発表

2A-073

挫折経験の意味づけと自我同一性の発達の関連
―他者視点の取り入れの有無による違いの検討―

[責任発表者] 外山 結:1
[連名発表者・登壇者] 永久 ひさ子:1
1:文京学院大学

問題と目的 挫折とは,ある目的や目標への到達を目指して続けてきたことが,中途でくじけ折れ,だめになることである(北村, 1983)。その挫折に対して様々な対応がなされるが,対処ができないと判断すると,自己の無力性を感じ,意欲を失い,情緒的にも抑うつ状態に陥る可能性がある(北村, 1983)。堀田・杉江(2013)は,挫折経験が自我同一性の達成につながる場合もあり,この違いには挫折経験の意味づけが関連するという。このことから,挫折経験は自我同一性の拡散につながる可能性がある。我々は,挫折経験を乗り越えるために,カウンセラーなどに話したり,インターネットや本で自分と同様の経験について調べたりすることがある。牧野(2014)は,悩みを他者に相談することで解決の糸口が見つかり,または解決はしなくとも心が晴れたと感じることを明らかにしている。松下(2008)は,挫折経験への対処法として,同様の境遇の人と悩みを共有する相談以外のものもあると述べている。このような他者の視点を取り入れることは,挫折経験の意味づけを行う上でどのような意味があるのだろうか。本研究では,挫折経験に対する意味づけと自我同一性の発達との関連を検討するとともに,それが他者視点の取り入れによってどう異なるかについて検討することを目的とした。

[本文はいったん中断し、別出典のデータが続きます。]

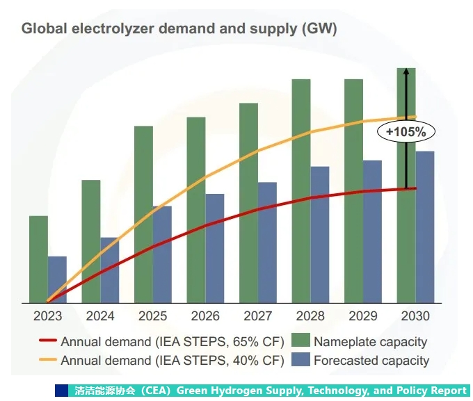 不止一家机构预测全球电解槽将迎来过剩,今年2月份,清洁能源协会(CEA)发布了的Green Hydrogen Supply, Technology, and Policy Report给出了类似的预测。

方法 大学生149名(男性55名,女性92名,不明2名,平均年齢19.05歳,SD=1.23)を対象に質問紙調査を行った。調査内容は,挫折経験の意味づけ:宅(2005)のストレスに対する意味の付与尺度13項目に加え,将来に対する考え方の5項目を独自に作成して追加した。自我同一性:多次元自我同一性尺度(谷,2001)20項目,独自に作成した他者視点の取入れに関する項目をいずれも4件法で回答を求めた。
結果と考察 挫折経験の意味づけ尺度項目について,主因子法,プロマックス回転による因子分析を行った。その結果3因子を抽出し,それぞれ “ポジティブな側面への焦点づけ”,“出来事を経験した自己に対する評価”,“出来事のもつメッセージ性のキャッチ”とした。

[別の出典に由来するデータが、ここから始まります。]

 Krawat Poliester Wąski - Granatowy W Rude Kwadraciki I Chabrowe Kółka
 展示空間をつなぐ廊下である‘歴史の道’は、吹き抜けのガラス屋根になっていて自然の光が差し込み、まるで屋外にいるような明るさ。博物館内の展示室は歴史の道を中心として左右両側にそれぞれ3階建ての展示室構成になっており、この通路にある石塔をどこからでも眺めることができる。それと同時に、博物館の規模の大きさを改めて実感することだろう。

挫折経験の意味づけと自我同一性の関連を検討するために,相関分析を行った(Table1)。その結果,“出来事を経験した自己に対する評価”と“心理社会的同一性”の間に有意な正の相関がみられた。
これは,“この経験が自信になっていると思う”など挫折を経験した自己に対してポジティブな評価を行うことで,自分には社会の中でも頑張っていける力があるなどという考え方から社会とのつながりを見出し,社会への適応力を高めたと考えられる。

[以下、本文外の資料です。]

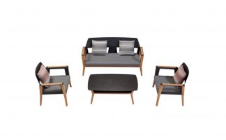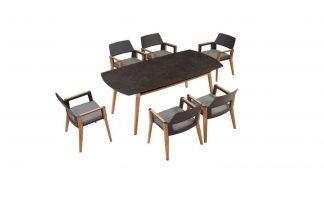 Il tocco naturale dei cosciali in teak burma massello, abbracciano le sedute in alluminio sagomate ad hock. I cuscini sfoderabili equipaggiano la seduta, e a richiesta anche il rivestimento dello schienale. Il tavolo è equipaggiato con un piano in vetroceramica particolarmente resistente agli agenti atmosferici e un comodo sottopiano fustellato in alluminio.

次に,これらの関係が,他者視点の取り入れの有無別によって違いがあるかを検討した(Table2)。その結果,他者に“話した”群では,“出来事のもつメッセージ性のキャッチ”と“自己斉一性・連続性”の間に弱いながらも負の相関がみられた。
“出来事のもつメッセージ性のキャッチ”が高いと“自己斉一性・連続性”が低くなり自己変容をもたらしたのではないかと考えられる。堀田・杉江(2013)は,挫折経験は自己変容をもたらす契機であると述べている。このことから,他者視点の取入れを行った場合には,挫折経験のもつメッセージ性が獲得され,その結果自己変容がもたらされ,挫折経験の捉え直しがなされることで自己変容が促進されると考えられる。また,“話さなかった”群では,相関はみられなかったため他者に話したことで自己変容が促進したと考えられる。
次に“話さなかった”群では,“出来事を経験した自己に対する評価 ”と“心理社会的同一性”との間に相関があり,“出来事を経験した自己に対する評価”の高さが“心理社会的同一性”を左右することが示された。
挫折経験による抑うつ状態は視野を狭める。そのため,他者視点の取り入れがない場合には,挫折経験を自分の自信に繋げられるような強さを持った人ならば,“心理社会的同一性”の発達につながるが,そうでない場合には,自我同一性が退行する可能性があるといえるだろう。
引用文献 堀田 亮・杉江 征(2013).挫折経験の意味づけが自己概念の変容に与える影響感 心理学研究,84,408-418.
北村 晴朗(1983).挫折経験の意味(“おちこぼれ新論”特集)教育と医学,31,479-485.